Ottawa VotesHere it is November, we are almost at the end of Ottawa’s run where all things #Canada150 overshadowed what was being talked at in City Hall. With the end of 2018 we’ll see the dismantling of the #Canada150 Flame at City Hall and business of the City come more into focus.

There are serious items that will linger through to the Municipal elections in Ottawa in 11 months.

Mayor Jim Watson has campaigned on 2% or less for property tax increases. The problem with 2% property tax increases is that everything else has increased almost triple the rate of property taxes. Water fees, sewage fees all increased and are budgeted for large increases through the next five years as the City looks for revenues it can’t raise with a 2% property tax rise.

Watson’s rationale is not that different from Provincial and Federal Liberals that are “lowering” income taxes, but increases other necessary costs, like Hydro negate any reduction in taxes because any gain in disposable incomes is lost on higher hydro rates and carbon taxes put on the cost of gas at the pumps.   But Jim Watson will campaign on low property taxes and avoid any talk of higher water, sewage and user fees.

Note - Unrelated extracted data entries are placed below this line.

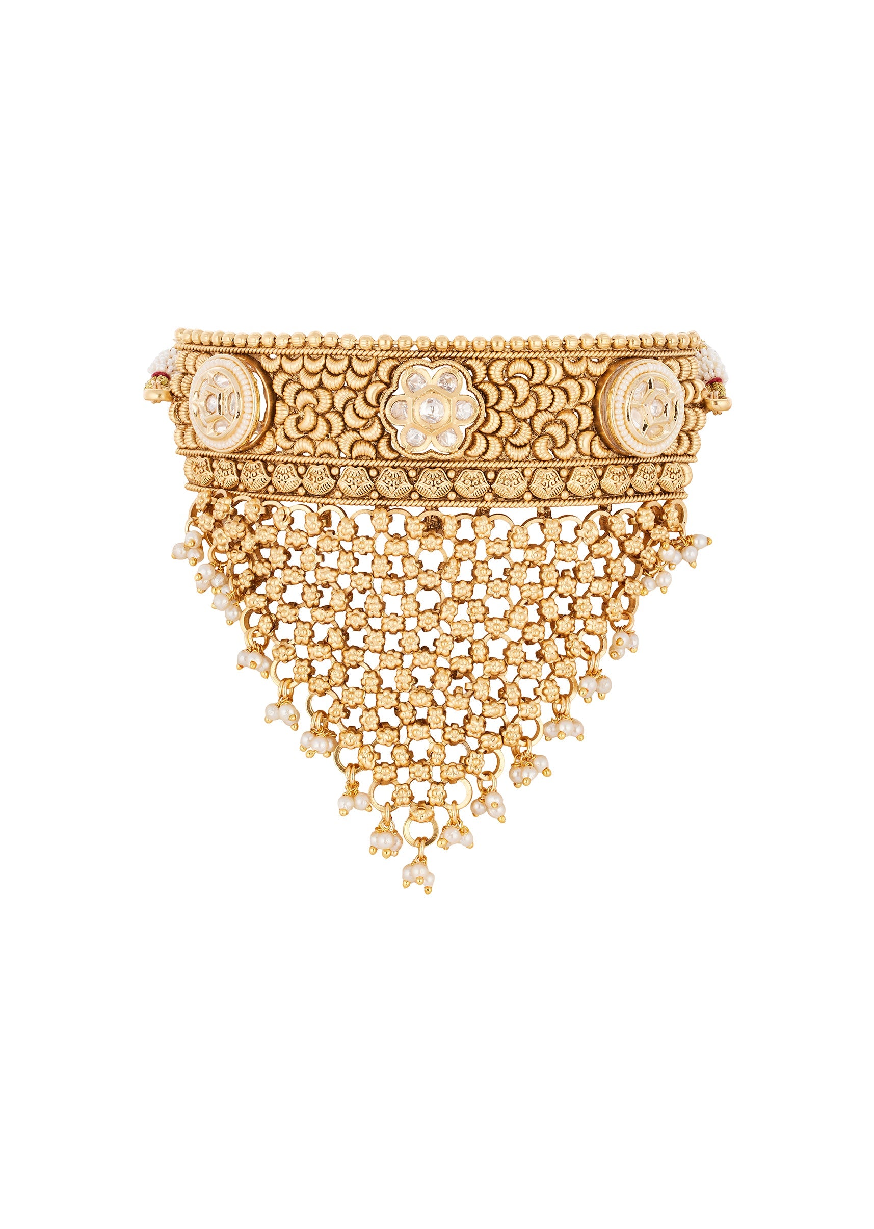 Crafted in the traditional Kundan Jadau technique, this gold jewellery set showcases timeless elegance with its refined handcrafted detailing. The delicate drops add graceful movement, enhancing the richness of the design and bringing a classic festive charm to every look. Perfect for weddings, cultural celebrations and grand occasions, it beautifully complements traditional silhouettes with its regal glow and artisanal finish. Awarded as the Most Trusted Brand, we're delivering styles you love, just as promised.
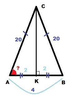 ΔABC : AC = BC = 20, AB = 4 - треугольник равнобедренный
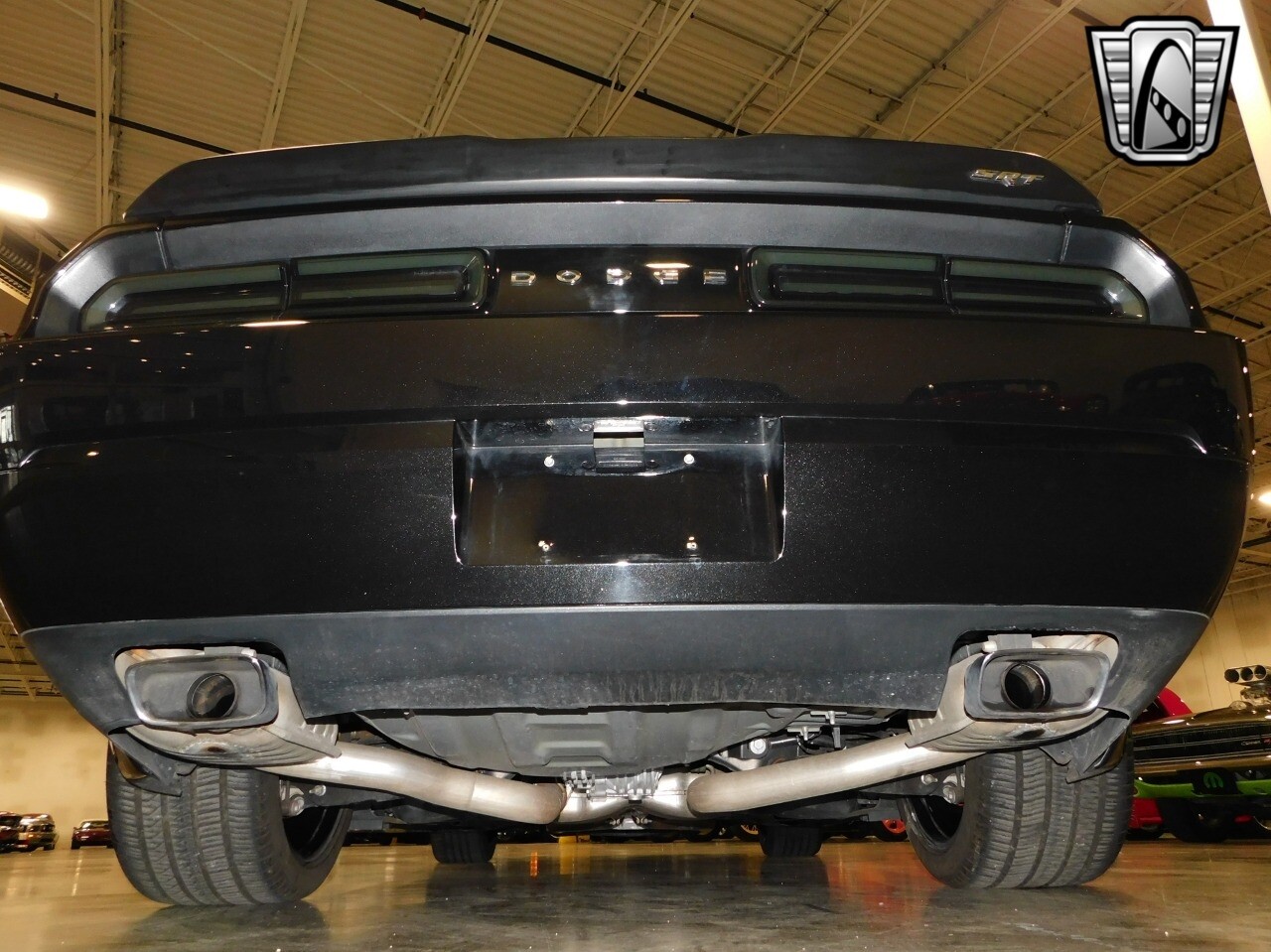 Introducing the 2010 Dodge Challenger SRT-8, an embodiment of power, performance, and style. With its sleek black exterior and refined black interior, this vehicle exudes an air of sophistication and strength.

What will dog Watson are his views on safe injection sites and funding illegal pop up site. The safe injection site in Sandy Hill was given the federal go ahead, but that did not stop an unauthorized pop up site from appearing in a Lowertown park. This prompted the Ottawa Health Officer to opening a ‘legal’ temporary site on Clarence Street.   The illegal pop up site continues to operate even though its original mandate was to have a permanent site available to prevent deaths by overdose.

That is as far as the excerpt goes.